The SJC first addressed the Commerce policy’s “consent to settle” clause, which provided that “[i]f any person covered under this policy settles a claim without our consent, we will not be bound by that settlement.” The court acknowledged that, while “consent to settle” clauses are usually enforced if the insurer can show that it was prejudiced by the settlement, this is not the case where the insurer is defending under a reservation of rights. It is a well-settled principle that, in such cases, an insurer relinquishes the right to control its insured’s defense.
When an insurer reserves the right to deny indemnification, the insured has the right to protect itself by entering into a settlement agreement. Such an agreement is enforceable against the parties to the settlement but, as the SJC pointed out, is not necessarily enforceable against the insurer.
The mere existence of a settlement agreement does not create indemnification obligations where none were present in the first place. In this case, Commerce had obtained a declaration that its policy did not cover the claims in the wrongful death case because Padovano’s actions were deemed to be intentional.

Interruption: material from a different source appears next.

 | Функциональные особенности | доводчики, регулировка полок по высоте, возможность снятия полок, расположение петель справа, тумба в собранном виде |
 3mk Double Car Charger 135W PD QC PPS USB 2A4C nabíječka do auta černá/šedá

Therefore, there was no coverage for the claim and Commerce was not bound to pay the $7.7 million judgment. This left the court to decide whether Commerce was still responsible for postjudgment interest on the $20,000 compulsory insurance payment.
The SJC undertook a similar analysis with regard to underlitigation as the Superior Court had done, balancing the risk of collusion against the policy considerations that encourage settlement agreements. The court concluded that an insurer who defends a claim under a reservation of rights is bound by the amount of a judgment arising from a prejudgment settlement/assignment agreement where (1) the insurer is given notice of the settlement/assignment agreement and an opportunity to be heard by the court before judgment enters; (2) the insurer contests the judgment; and (3) the insured, after hearing, meets his or her burden of showing that the settlement is reasonable in amount.

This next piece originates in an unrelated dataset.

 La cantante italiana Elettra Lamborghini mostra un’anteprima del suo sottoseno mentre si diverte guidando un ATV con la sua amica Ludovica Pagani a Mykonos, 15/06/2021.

Further, the court held that a “reasonable” settlement amount cannot exceed the limits of insurance coverage, since any recovery under the assignment agreement will come from the insurer. In this case, because no reasonableness review had been conducted, the SJC remanded the case for a review on the reasonableness of the settlement/assignment agreement.
This case illustrates how an insurer can challenge underlitigation in certain situations. It also shows that, while settlement and assignment agreements are useful, they cannot unfairly expose an insurer to liability that exceeds its policy limits.
This case should act as a warning to counsel to carefully assess the recoverability of judgments. In the absence of a defendant who can personally pay a large judgment, or other extraneous circumstances, such as Chapter 176D liability against the insurer, settlement and assignment agreements should be kept within the limits of any applicable insurance policy.